COLLECTED MATERIAL:

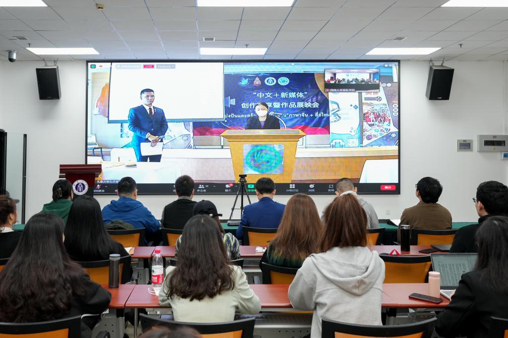 2022年10月14日10点,由泰国文化部与孔敬大学孔子公司联合发起,孔敬大学孔子公司主办,泰国媒体发展基金会、孔敬大学教育公司、sunbet申搏官网等相关单位共同参与的《以媒为介,联通中泰美好未来》主题短片比赛暨创作分享会在孔敬大学孔子公司含弘讲堂隆重举行。中华人民共和国驻孔敬副总领事杨宁,泰国孔敬大学领导,泰国孔敬大学孔子公司中方经理耿军等出席本次活动。公司党委书记刘猛受邀在线出席本次活动并担任活动评委嘉宾,公司教师代表、2021级与2022级汉语国际教育硕士研究生在紫云楼317会议室线上参与此次分享会。《世界青年说》节目的泰国代表韩冰担任活动主持。
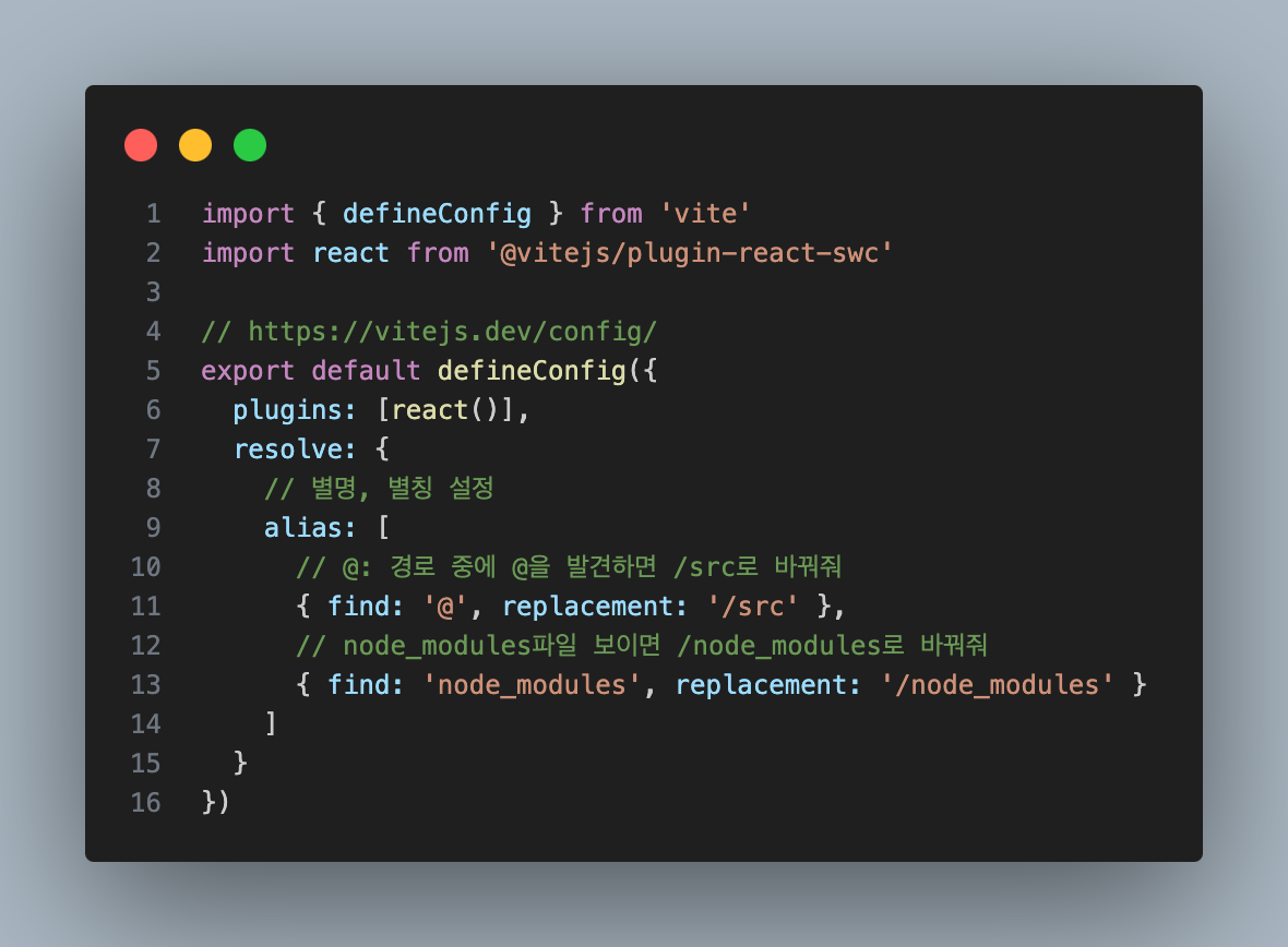 --> import 절대경로 설정 --> vite로 !
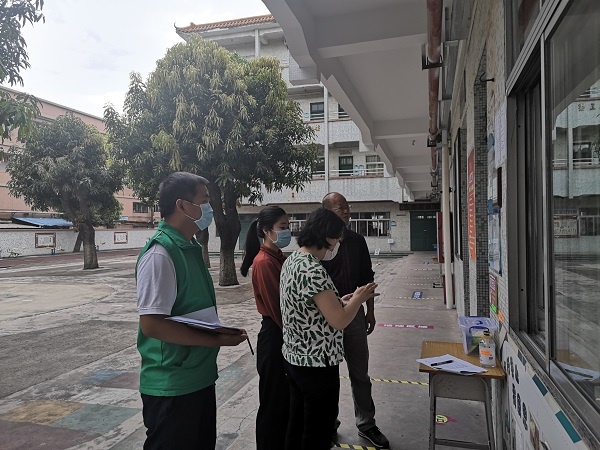 5月9日上午,大涌鎮(zhèn)教育事務指導中心周景照主任,張小殷老師,衛(wèi)生副校長溫永鋒醫(yī)生一同到旗南小學進行2020年春季學期學生返校疫情防控第二、三批學校復檢、驗收工作。

TASK TO COMPLETE: Give back each line above exactly, with pictures dropped.

ANSWER SPACE:
 2022年10月14日10点,由泰国文化部与孔敬大学孔子公司联合发起,孔敬大学孔子公司主办,泰国媒体发展基金会、孔敬大学教育公司、sunbet申搏官网等相关单位共同参与的《以媒为介,联通中泰美好未来》主题短片比赛暨创作分享会在孔敬大学孔子公司含弘讲堂隆重举行。中华人民共和国驻孔敬副总领事杨宁,泰国孔敬大学领导,泰国孔敬大学孔子公司中方经理耿军等出席本次活动。公司党委书记刘猛受邀在线出席本次活动并担任活动评委嘉宾,公司教师代表、2021级与2022级汉语国际教育硕士研究生在紫云楼317会议室线上参与此次分享会。《世界青年说》节目的泰国代表韩冰担任活动主持。
 --> import 절대경로 설정 --> vite로 !
 5月9日上午,大涌鎮(zhèn)教育事務指導中心周景照主任,張小殷老師,衛(wèi)生副校長溫永鋒醫(yī)生一同到旗南小學進行2020年春季學期學生返校疫情防控第二、三批學校復檢、驗收工作。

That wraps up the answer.